Central African Republic has long been racked by revolts and mutinies and now has to deal with rebels and armed raiders spilling over from Chad and Sudan’s conflict-torn Darfur region, both of which it borders.

Tens of thousands of civilians have been driven from their homes in fighting between the army and ill-defined rebel groups and bandits who loot and burn villages in what aid workers have called one of Africa’s forgotten humanitarian crises.

Late last year, French Mirage fighters, helicopter gunships and special forces helped Central African Republic’s army to recapture a string of northeastern towns seized by rebels whom Bangui said were backed by Sudan.

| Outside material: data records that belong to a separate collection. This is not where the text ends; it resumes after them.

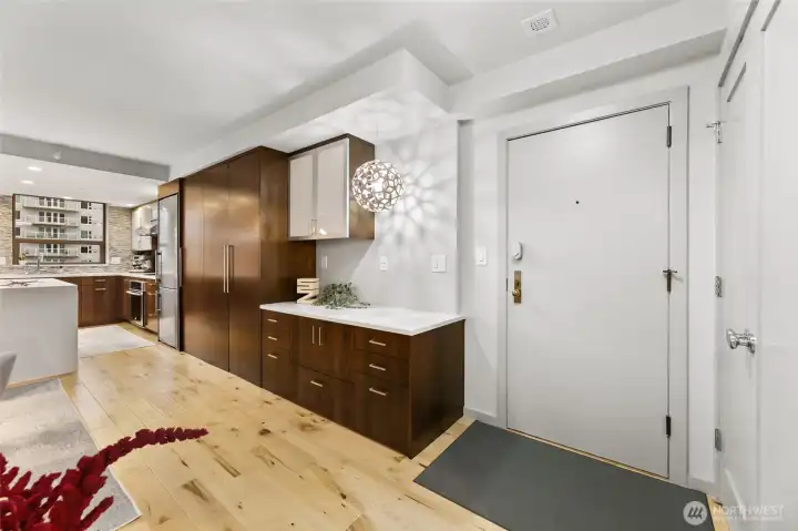 Step into this magazine-worthy urban oasis where thoughtful design and high-end finishes come together in perfect harmony. This beautifully reimagined one-bedroom condo has undergone a complete studs-out renovation, with over $150K invested to deliver a refined blend of modern elegance, comfort, and everyday functionality. The open-concept living space is filled with natural light and showcases iconic Space Needle views, creating an inspiring backdrop for daily living and entertaining. An enclosed patio extends the living area and offers a flexible retreat, while a dedicated area for a home office supports today’s lifestyle needs. Custom California Closets throughout the residence provide exceptional organization and storage. The spa-like bathroom features a heated floor accented by Ann Sacks penny tile, adding a luxurious touch to your routine. Residents enjoy a host of amenities including secure entry, garage parking, an outdoor pool, sauna, hot tub, fitness center, and a stunning rooftop deck with sweeping city and water views. Ideally located near acclaimed dining, shopping, and entertainment, this home delivers both style and convenience in one exceptional offering. A true must-see.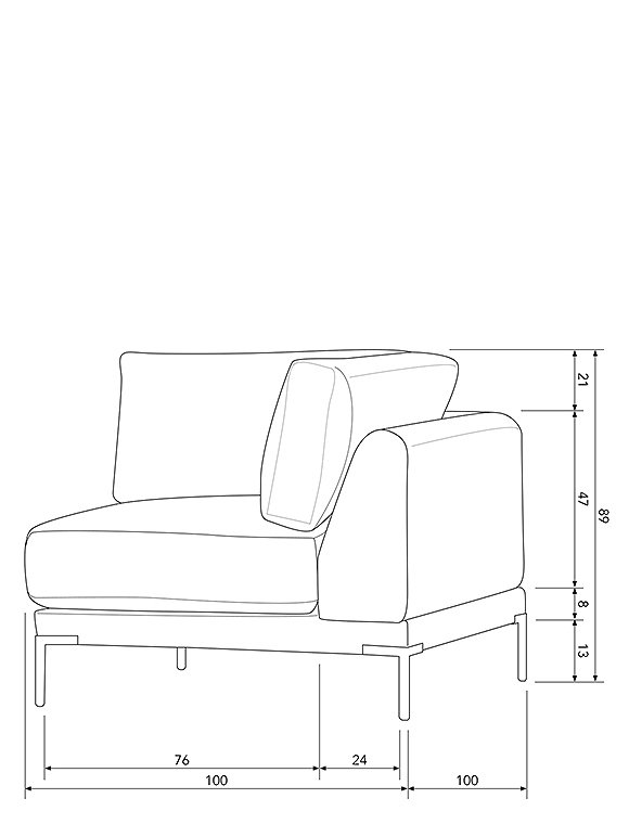 Maße (HxTxB):89 x 100 x 100 cmSitzhöhe: 44 cmSitzbreite: 57 cmSitztiefe: 57 cmArmlehnenbreite: 24 cmBeinhöhe: 13 cmBeinstärke: 2,5 cmBelastbarkeit: 90 kgGewicht: 47 kgMaterial: Bezug: Chenille aus Baumwolle/Viskose/Polyester, Martindale: 30.000in den Farben: Buttermelange, Rostmelange, Denim-Melange, Naturmelange, Mud-Melange.Bezug: Webstoff aus 100% Polyester, Martindale: 100.000in den Farben: Hellgrau, Sand, Taupe, Dunkelgrün, Dunkelgrau, Schokoladenbraun.Polster: Schaumstoff Rahmen: Holz Miteinander Verbinden: Die Couple-Elemente werden einzeln geliefert. Die Elemente lassen sich einfach mit den bereits montierten Krokodilverbindern verbinden.Pflegehinweis: Pflegehinweis Bei Flecken empfiehlt es sich, den Stoff mit einem leicht feuchten weißen Tuch und einem neutralen Möbelshampoo abzutupfen. Auf keinen Fall reiben! Hier kannst du die Pflegehinweise als PDF herunterladen Hinweise:Bei harten Böden solltest du Filzgleiter unter die Beine legen, dadurch werden Schäden am Boden vermieden. Der Artikel wird in einem Paket als einfacher Bausatz mit einer klaren Montageanleitung geliefert.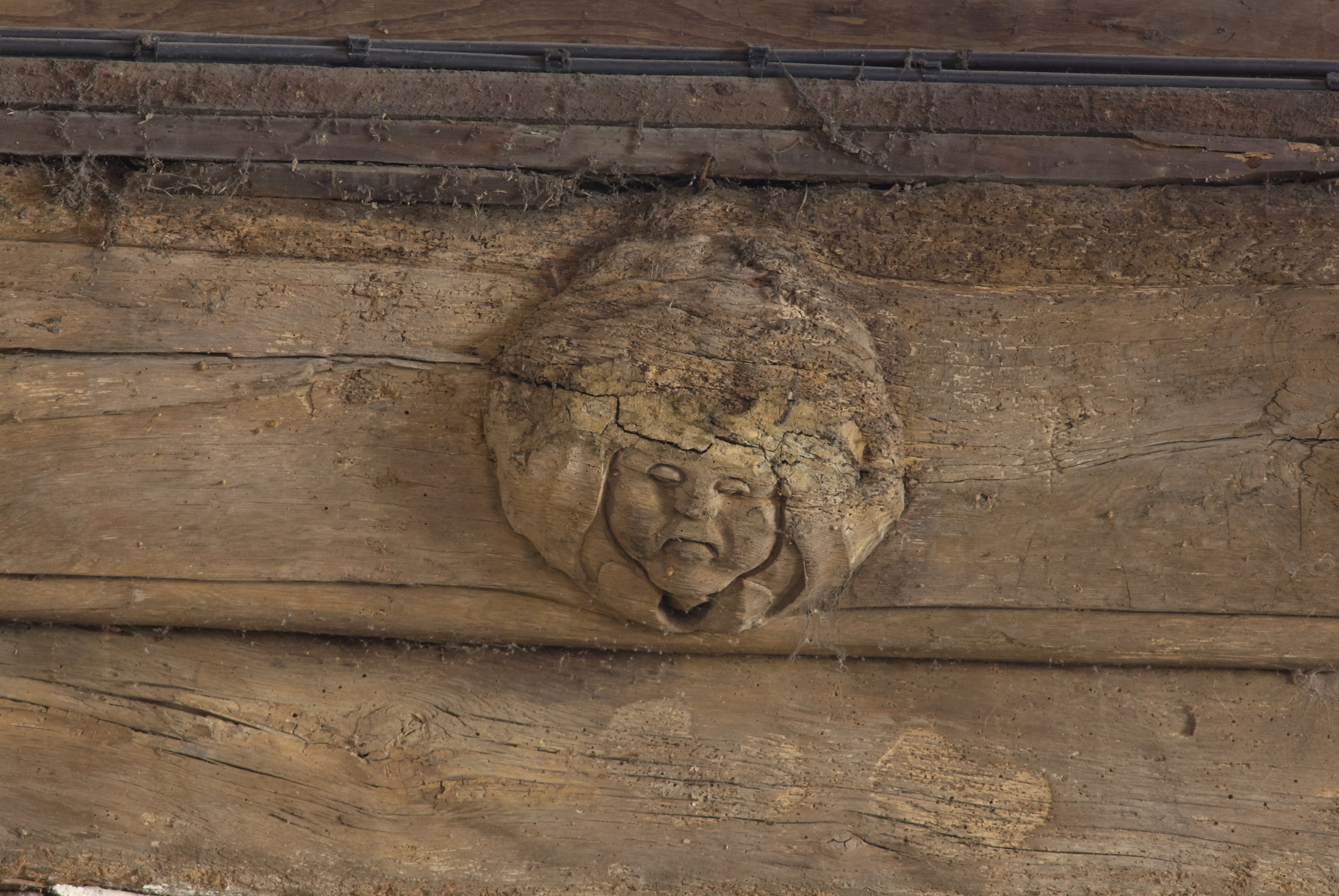 Nef, mur sud, sablière : tête d'homme (état en 2012)Immatriculation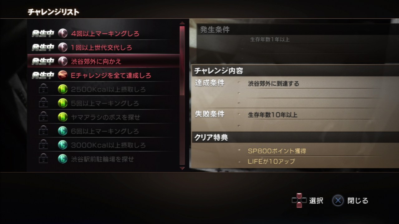 在玩家滿足某種條件下會發生「挑戰」,譬如「完成 1 次以上的世代交替」,或是「前往澀谷郊區」等等,會出現許多挑戰,如果達成挑戰的話就會獲得生存點數做為報酬。當然,最大的目標還是要生存下去,所以,如果挑戰目標較為困難的時候,也有可能放棄。至於要判斷是否該執行挑戰,就要看玩家們了。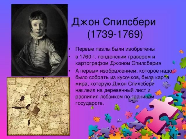А знаете ли вы, что любимые всеми пазлы придумал лондонский картограф Джон Спилсбери. Однажды он решил изготовить оригинальное пособие для изучения географии.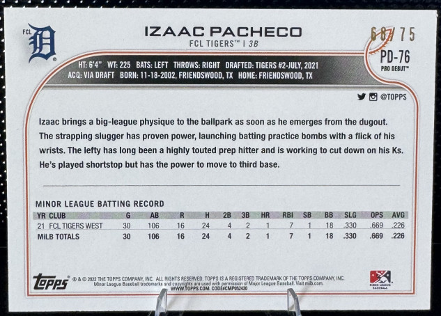 2022 Topps Pro Debut Izaac Pacheco Aqua /75 #PD-76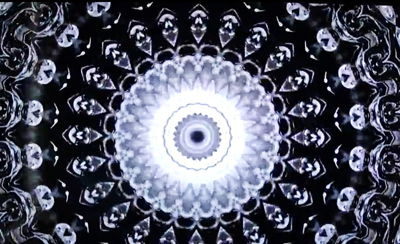 L’œuvre utilisait les facultés hypnotiques de cette géométrie, amplifiée par la technique, et se donnait pour finalité de créer une faille spatio-temporelle. Ce type de visuel veut projeter le visiteur dans une autre dimension. C’est en fait une œuvre savante réactivant le projet d’un architecte et poète visionnaire occultiste, Claude Bragdon (1866-1946). L’époque bouillonnait alors de théosophie, d’occultisme grâce aux recherches de Madame Bravasky, la personne qui, au XIXe siècle, avait fait connaître le bouddhisme à l’Occident et dont les écrits avaient profondément influencé Kandinsky, Klee et Mondrian dans leur recherche de spiritualité, ainsi d’ailleurs que le psychanalyste Jung après sa rupture avec Freud.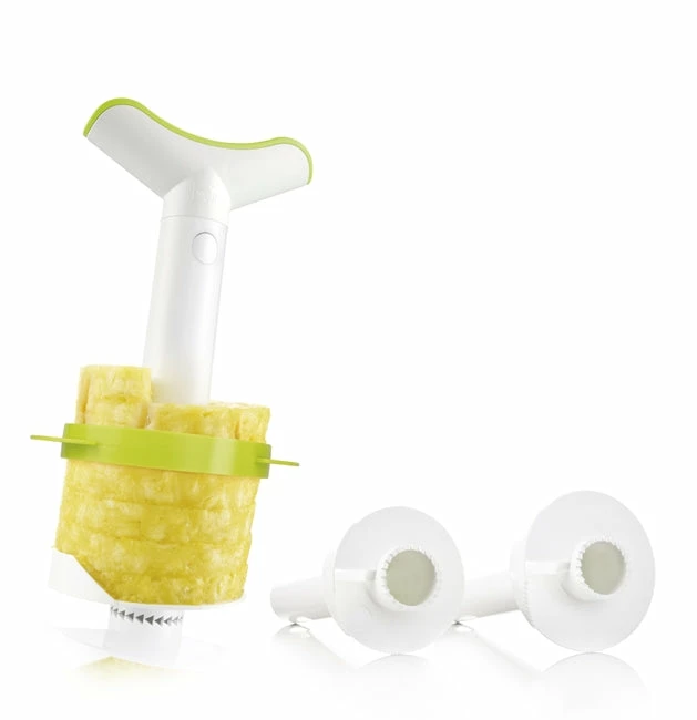- Push the quick-release button on the handle to slide the pinapple rings off, or use the wedger to make pineapple chunks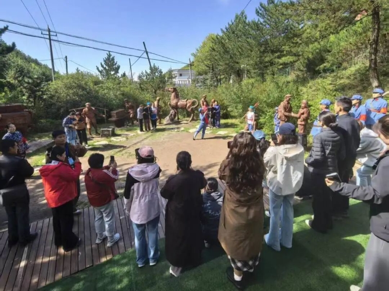 采访团一行沿着小道拾级而上,时而驻足观看“红军伤员互助前行”的情景演绎,时而聆听讲解员结合雕塑讲述背后的历史。当走到“六盘山会师”场景处,演员们高唱红歌的画面,与远处连绵的六盘山景相映,让不少人湿了眼眶。“不是单向听讲解,而是边走边看、边看边感,这种‘沉浸式’比书本里的文字更有冲击力。”采访团成员说。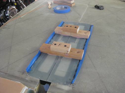Now the challenge is of course to attach the doors to the hinges, the hinges to the opening and have the bolt holes line up and the doors flush with the bottom of the fuselage. I matched drilled holes in one half of each hinge with the plywood strips with the aluminum slogs and threaded the slugs for screws. Then I floxed the doors to the hinges and after cure riveted them with flush head rivets. Then I assembled the hinges so the doors are hinged to the plywood strips. I bondoed the doors together with strips of wood and then cut the strip of wood at the center line and screwed another block of wood on top, I couldn't get the assembly in the hole otherwise. Then I floxed the wood strips into recess in the hole cutout and held them in place with spreader clamps. I did remember to fill the back of the screw holes with wax. After that cured I unscrewed the door/hinge assembly from the plywood strips which are now permanently floxed in place, filled the holes completely with wax and floxed the corners and laid up 2 plies of BID around the opening including over the plywood strips.

Khartoum denied this.

U.N. security experts are currently in the region evaluating an appeal from Bozize for U.N. peacekeepers to protect its borders and help prevent the Darfur conflict spreading.

Some U.N. officials have expressed reservations about deploying troops before political solutions to Central African Republic’s own domestic instability could be found.

Under Friday’s deal, brokered by Libyan leader Muammar Gaddafi in his hometown of Sirte, the government and the two rebel factions agreed to stop hostilities and allow the rebels to integrate the ranks of government security and military forces or public service administration.

"(Miskine) can return in complete tranquillity to take part in the effort to rebuild the country. The only advice I can give him is to work. To work purely for harmony and peace," Bozize said after the signing ceremony.

Miskine and Ringui Le Gaillard, the other rebel leader who signed the agreement, are viewed as associates of exiled former President Angel Felix Patasse, who after his 2003 overthrow by Bozize has been accused of trying to foment rebellion.

Patasse, who has lived in Togo since being ousted, said on Thursday he wanted to hold negotiations in person with Bozize to start a process of national reconciliation. The authorities in Bangui have not publicly responded to his call.